Римус не припоминает, чтобы он говорил такое когда-нибудь — хотя, может быть, он имеет в виду тот раз в госпитале, когда ему под лекарствами взбрело в голову просить Римуса отпустить его быстро. Вообще-то не то чтобы Римус не понял его тогда. В теории это звучало здраво: живи свою жизнь. Точка. Чужие выборы и даже чужая смерть не то, что ты можешь контролировать. Единственные ориентиры — любовь и непривязанность. Но это так больно. Римус не уверен, что у него на такое когда-нибудь хватит сил.
— У меня есть ещё кое-какие проблемы, знаешь ли, — улыбка Сириуса отдаёт горечью и безысходностью. — Я делаю, что могу, но… не уверен, что меня хватит надолго.

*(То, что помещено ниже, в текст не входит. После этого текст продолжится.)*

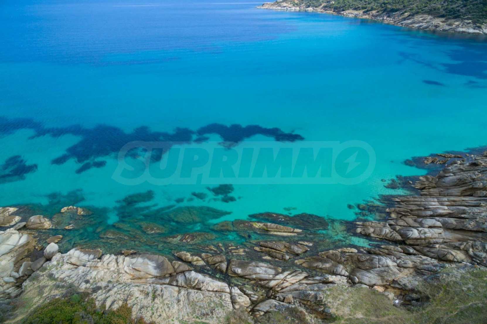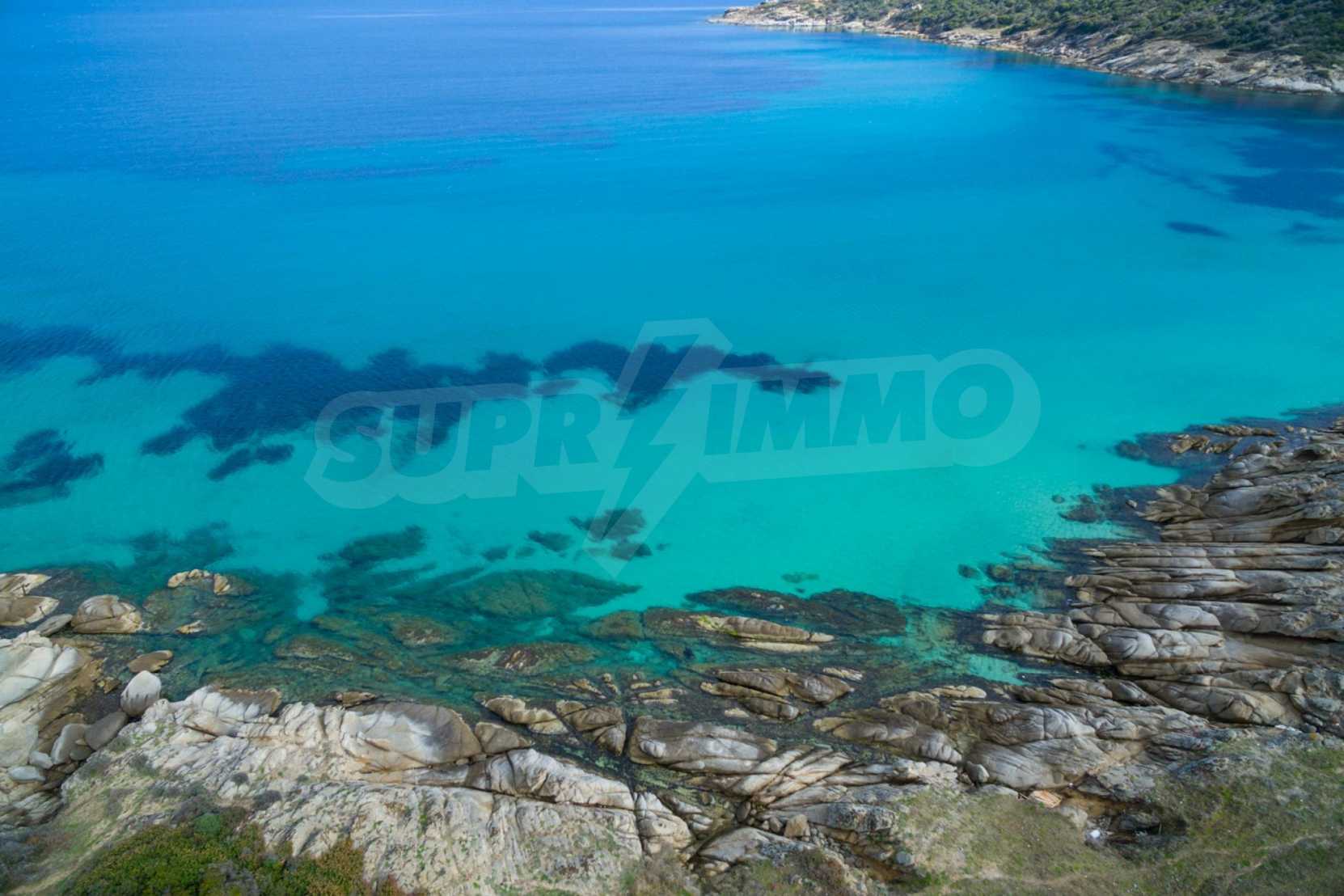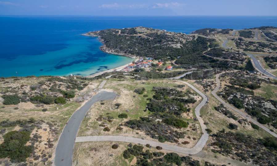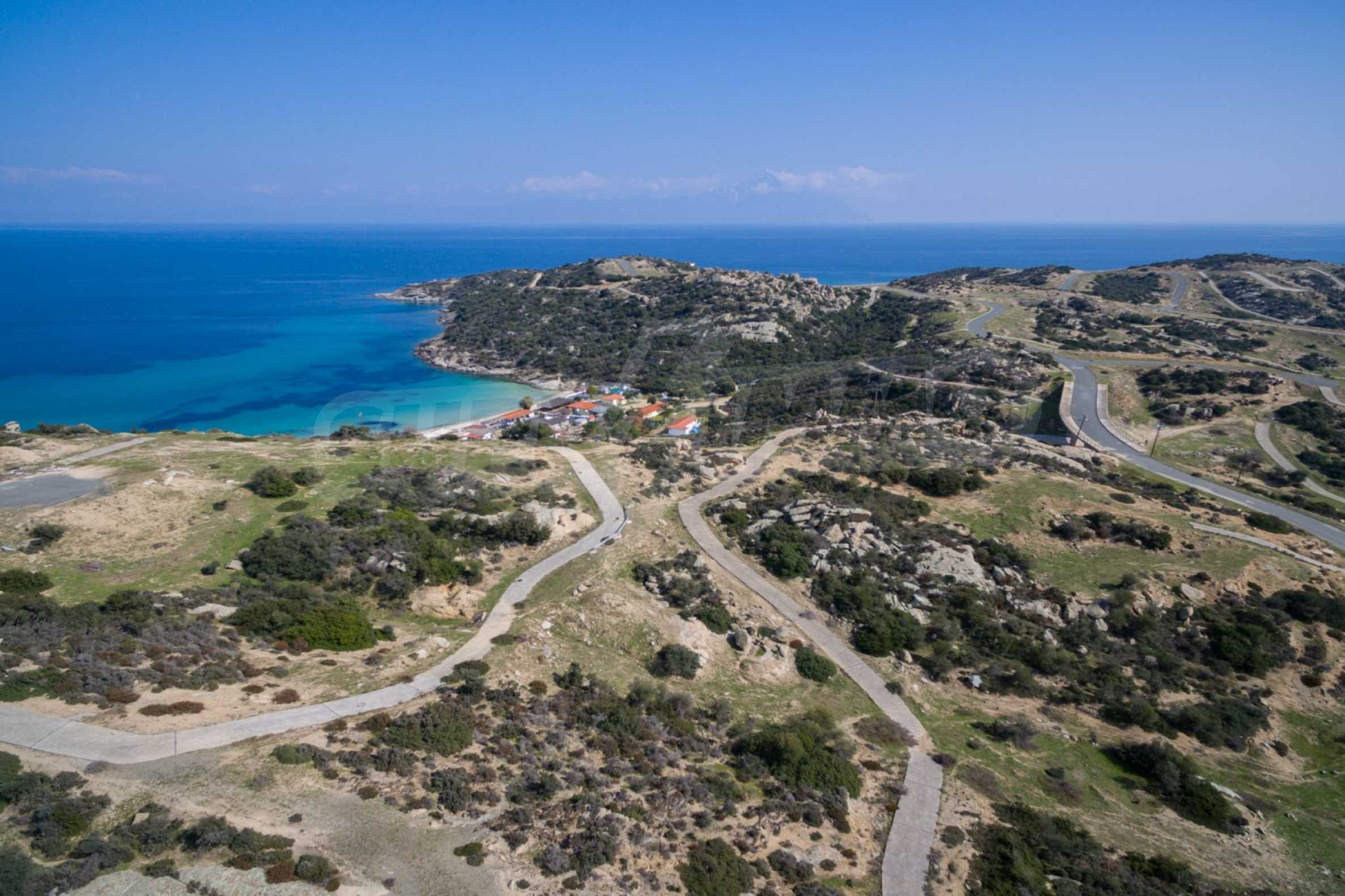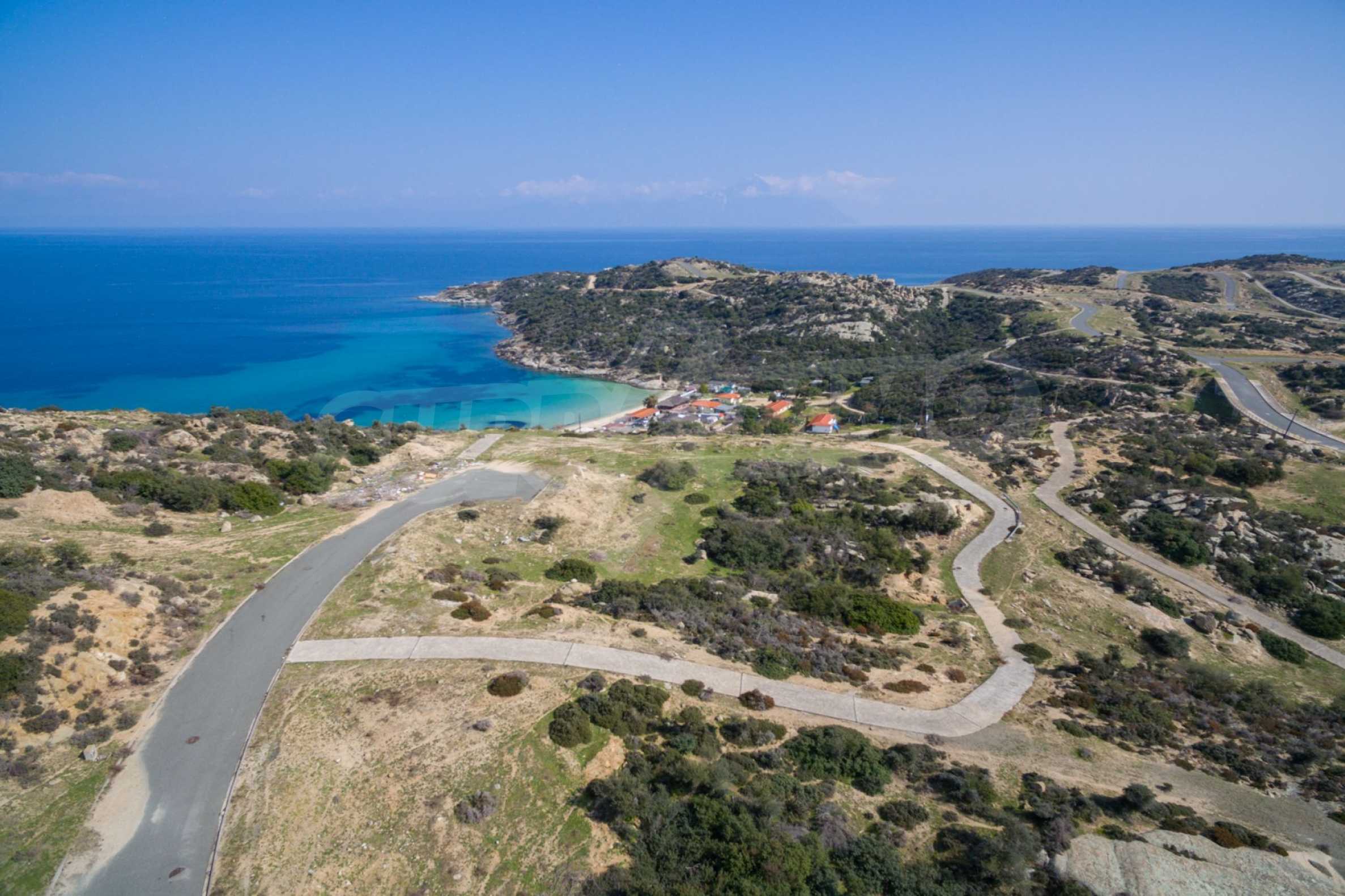 Corner,slanted plot,500 m², in Sithonia,Halkidiki with unobstructed permanent view and with an eastern orientation.The property is only 100m. away from a beautiful beach and faces the main road.The plot is complete and buildable(120m² can be built).The property is perfect for the construction of a villa.

Римус вздыхает и обнимает Сириуса поперёк голой узкой груди, и Сириус тогда вздыхает тоже. Всего несколько месяцев назад, когда Сириус, наконец, оказался в его объятьях, Римусу казалось, что всё действительно может быть хорошо. Он казался себе огромным, способным Сириуса защитить от всех ужасов пережитого, исправить любовью всё, что сломалось в его судьбе. Они хотели найти Питера и сдать его властям, чтобы Сириуса реабилитировали, и не было больше необходимости прятаться в шкуру пса при каждом выходе на улицу. Они начали розыски, но Дамблдор фактически их стреножил и делал это до тех пор, пока чёртов Питер не помог Волдеморту возродиться. Больше того, изоляция продолжалась, по-прежнему ничем не мотивированная — с той только разницей, что теперь Сириусу нельзя выходить из дома даже в виде пса.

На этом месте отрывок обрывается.